Baseline characteristics of patients undergoing splenectomy for immune cytopenia.
| Variable | All n = 339 | ITP n = 235 | ES n = 26 | AIHA n = 68 | AIN n = 10 | p-Value |
|---|---|---|---|---|---|---|
|
| ||||||
| Male gender (%) | 168 (50%) | 113 (48%) | 14 (54%) | 37 (54%) | 4 (40%) | 0.7052 |
| Median age (Years) | 55 | 51 | 58 | 63 | 49 | <0.0001 |
| Age ≤40 years (%) | 31% | 39% | 15% | 10% | 30% | 0.000028 |
| Median BMI (kg/m2) | 29 | 30 | 28 | 28 | 27 | 0.6330 |
| Median time to splenectomy in months (Range) | 11 (0–231) | 12 (0–231) | 17 (0–73) | 9 (0–190) | 14 (1–89) | 0.2335 |
| Laparoscopic splenectomy n (%) | 290 (86%) | 208 (89%) | 17 (65%) | 56 (82%) | 9 (90%) | 0.0007 |
| Conversions (laparoscopic to open splenectomy), n | 16 | 9 | 3 | 4 | 0 | 0.3024 |
| Procedural conversion rate | 5% | 4% | 12% | 6% | 0% | 0.3024 |
| Mean spleen length (± SD) (cm) | 16 (6) | 15 (6) | 21 (5) | 18 (5) | 19 (6) | <0.0001 |
| Mean spleen volume (±SD) (cm3) | 1013 (1449) | 772 (1410) | 2146 (1691) | 1383 (1288) | 1101 (902) | <0.0001 |
| Mean spleen weight (± SD) (g) | 477 (687) | 350 (631) | 1165 (938) | 637 (556) | 600 (757) | <0.0001 |
Abbreviations: AIHA, autoimmune hemolytic anemia; AIN, autoimmune or idiopathic neutropenia; ALC, absolute lymphocyte count; ANC, absolute neutrophil count; BMI, body mass index; ES, Evans syndrome; Hb, hemoglobin; ITP, immune thrombocytopenic purpura; Plt, platelets; pre-op, preoperative; SD, standard deviation.

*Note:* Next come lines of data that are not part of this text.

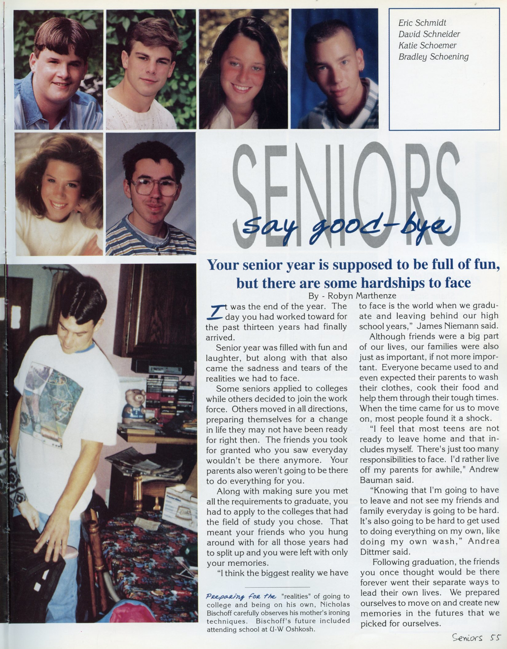 1996 Sheboygan South High School Yearbook Page 55: Eric Schmidt, David Schneider, Katie Schoemer, Bradley Schoening, Nicole Saeger, Jose Sarabia.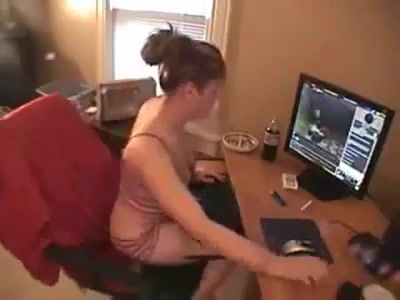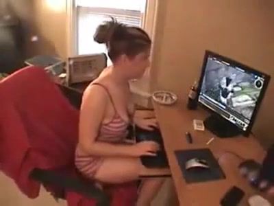 Skinny girl sits at the desk on the computer…she's trying to find a good movie to watch in a Saturday evening…
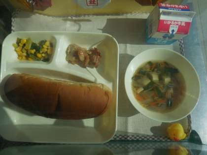 1月15日(金)の給食は鶏肉のオイスターソース焼き、中華スープ、チンゲンサイとコーンの中華あえ、パン、牛乳です。は鶏肉のオイスターソース焼きはけいにくににんにく、しょうがで香りし、オイスターソースで味付けしています。中華スープはぶたにく、とうふ、たまねぎ、ブラックマッペもやし、にんじん、にら、が入っています。チンゲンサイとコーンの中華あえはチンゲンサイとコーンがマッチしています。おいしかったです。ごちそうさまでした。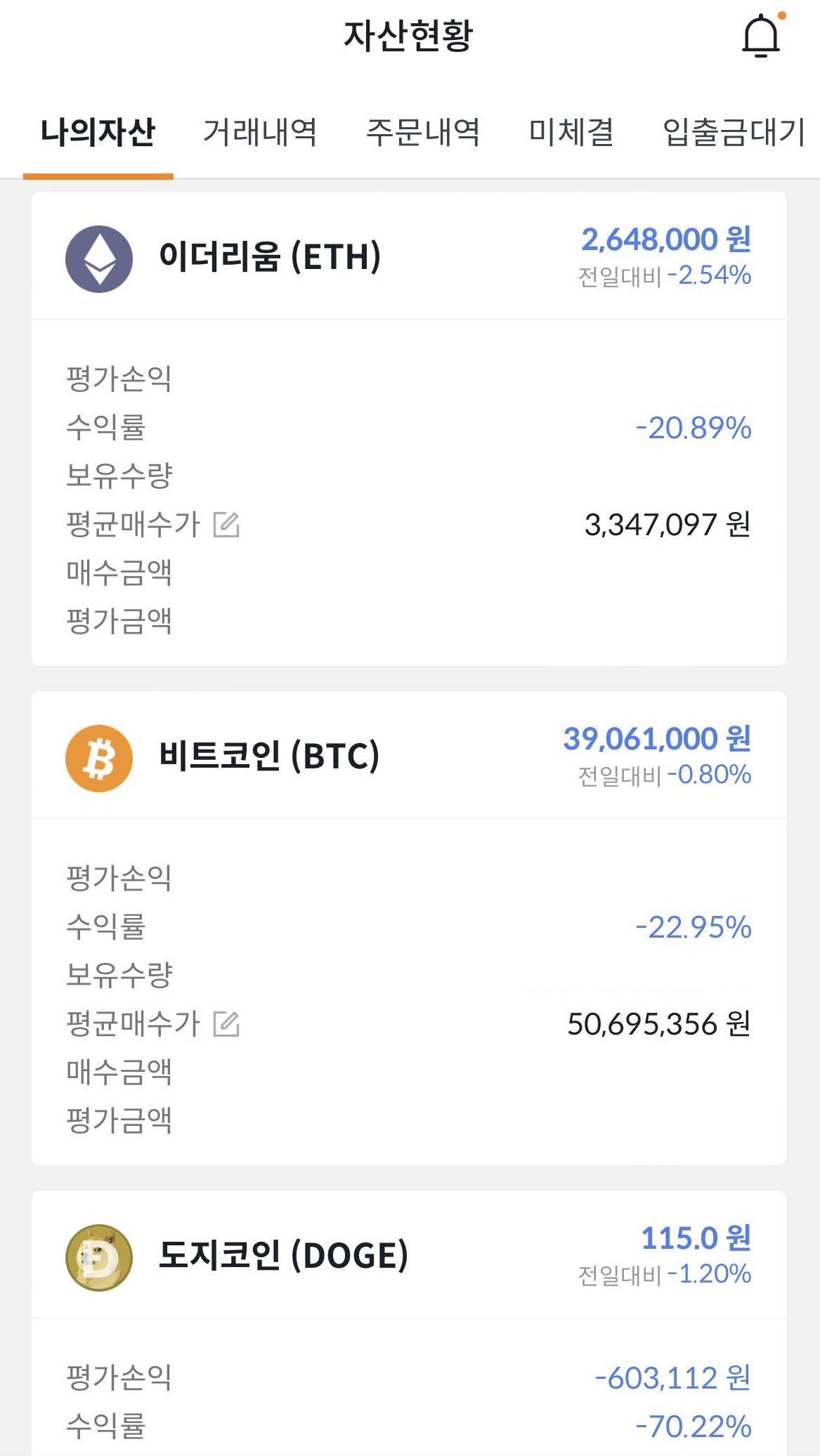 내가 보유한 코인은 어떻게 되었나 확인해 보았습니다.

Pharmacologic therapy prior to splenectomy
Most of the patients (98%) received pharmacologic therapy prior to splenectomy and were either refractory to treatment (12%) or relapsed with cytopenia (86%) prior to the procedure. Herein, we list all prior lines. Sixty-eight (20%) patients received one line of therapy, 33% received two lines, and the remainder received three or more lines of therapy prior to splenectomy. The most common treatments included steroids in 282 patients (83%), IVIG in 189 (56%), and rituximab in 133 patients (39%). Other adjunctive treatments included TPORa (n = 86) and various forms of immunosuppressive therapy (IST) (n = 19) as listed in Table S5. Patients with FS (n = 2) were treated with steroids and rituximab, whereas T-LGL patients received IST with oral cyclophosphamide, cyclosporine, and methotrexate.
Surgical outcomes and short-term morbidity/mortality (≤30 days)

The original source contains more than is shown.